Раз кивнул — со знакомым ледяным взглядом и бесстрастным лицом.

— Я тебя понял. Ты права. Я поговорю с Найдером.

Друг вышел, закрыв за собой дверь. Рена вздохнула и слегка растрепала пучок, придавая ему более небрежный вид. Поговорит? А о чём Раз поговорит с Найдером? Рена вовсе не была уверена, что эти бедовые мальчишки придут к правильному выводу. Впрочем, она и сама не знала, какой вывод правильный.


Наверное, Лаэрт любил искусство. А может, специально выбрал людное место, в котором легче затеряться.

Они встретились в картинной галерее на открытии выставки. В помещении с необычной шестиугольной формой собралось огромное количество тех, кто гордо называл себя «знатоками» и «ценителями», газетчиков, других художников. Это была пёстрая шумная толпа, которая то собиралась в кучки перед одной из картин, то расходилась, а между делом постоянно подходила к столикам с шампанским и вином.

— Как вы относитесь к живописи, Рена? — с лёгкой улыбкой спросил Лаэрт.

Это больше походило на издевательство — он ведь прекрасно знал, что девушка пришла не на картины смотреть, а узнать правду. «Никак», — хотелось грубо ответить. Ладно. Этот сюжет был хорошо знаком: она нашла того, кто владел информацией, а тот не спешил делиться — у неё заготовлены разные тактики. Впрочем, не оставалось времени пробовать их — нужно выбрать одну и ударить метко.

— Я рада вашему приглашению, Лаэрт, мне интересно современное искусство.

Рена с сомнением посмотрела на ряд картин в тонких рамах. Это было что-то новое и непривычное для неё. Выставленные художники не стремились передать мир как можно достовернее, нет, они изображали его по-своему — более ярким, а вместе с тем — расплывчатым, что ли.

У фигур на картинах не было чётких контуров, они состояли из контрастных мазков, образно изображающих тела. Голубые, фиолетовые, зелёные, красные, оранжевые и жёлтые пятна смешивались и словно лезли вперёд друг друга.

Лаэрт, посмотрев на лицо спутницы, рассмеялся.

— Оно и видно! Это импрессионизм — вам знакомо слово?

Учёный подошёл поближе к картине: две девушки замерли напротив друг друга в танце. Их лица искажал яркий свет, и изображение казалось неустойчивым, мерцающим. Даже небо и поляна были размытыми, а контуры деревьев едва угадывались. Вроде красиво.

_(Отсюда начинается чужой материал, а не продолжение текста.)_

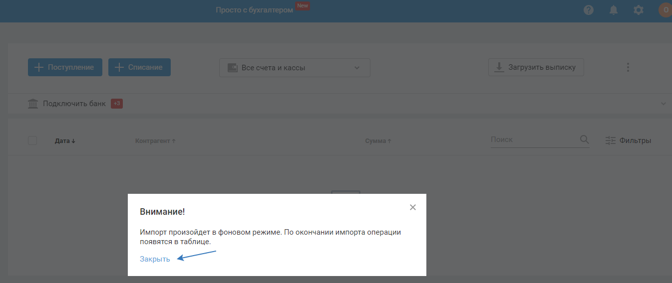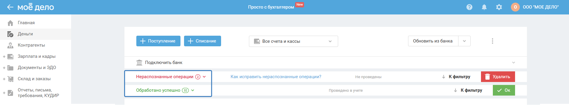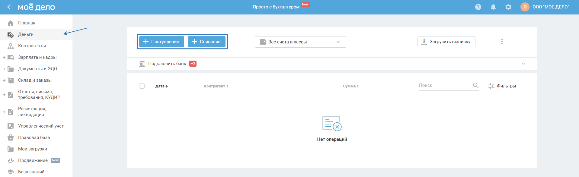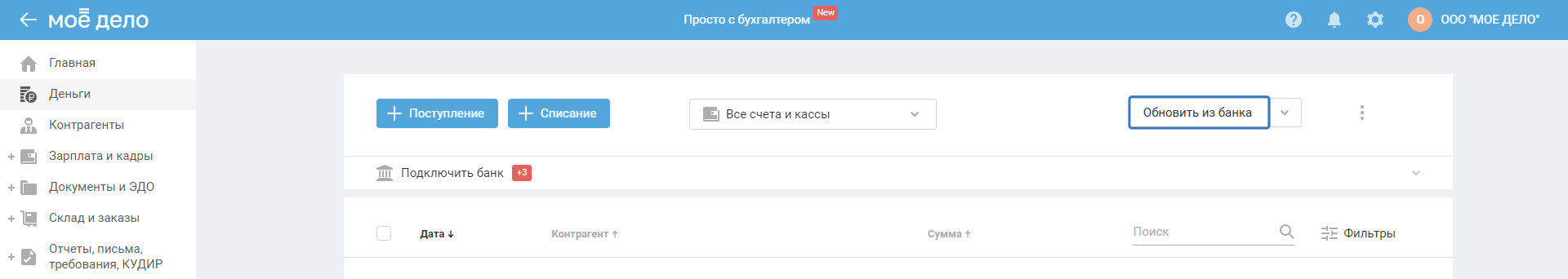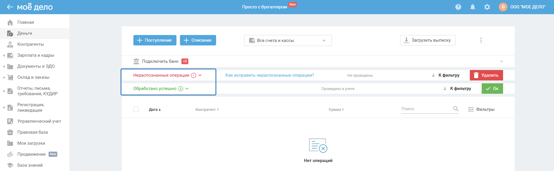 Безналичные банковские операции в раздел «Деньги» загружаются и разбираются автоматически раз в сутки при наличии подключенной интеграции с банком-партнёром по выбранному расчётному счёту.

А вроде и нет.

— Отчасти, — Рена улыбнулась. — Расскажите, Лаэрт, пока мы не дошли до тех историй, ради которых встретились.

Наверное, ей всё же интересна живопись. В какой-то другой жизни она могла бы знать больше и понимать задумки художников. В другой, не в этой, где ей оставалось только врать и притворяться, чтобы узнать необходимое.

Лаэрт шепнул на ухо, будто доверял тайну:

— Я и сам мало что понимаю, моё — это наука, а не искусство, — выпрямившись, он легко улыбнулся. — Импрессионизм появился как вызов в ответ на привычный академизм. Молодое поколение сочло его устаревшим, лишённым свободы и начало экспериментировать — родилось новое направление. Таков был ответ революционного Киона. Первую выставку даже назвали «мятежной».

— Это красиво, — решила Рена. — И свет так необычно изображён, кажется, что по ту сторону другой, лучший мир. В нём хочется оказаться.

Учёный улыбнулся, и было в этой улыбке что-то по-доброму снисходительное.

— Что вы задумали, Лаэрт? — торопливо спросила Рена. — Обсудим кондукторов и поезда?

Юркий мужчина в нелепом фиолетовом костюме подскочил к ним и на одном дыхании выдал:

— Дан Адван, я представляю журнал «Кионский обозреватель», позвольте задать вам несколько вопросов, — он заинтересованным взглядом скользнул по Рене. — Правда ли, что на Дне прогресса вы выступите самостоятельно, без поддержки гильдии? Над чем вы сейчас работаете? Наши читатели…

Лаэрт остановил его повелительным взмахом руки.

— Вам лучше подойти позднее.

Мужчина, скривив лицо, испарился также быстро, как появился.

— Кондукторов и поезда, — повторил Лаэрт. — Это был мой вопрос к вам.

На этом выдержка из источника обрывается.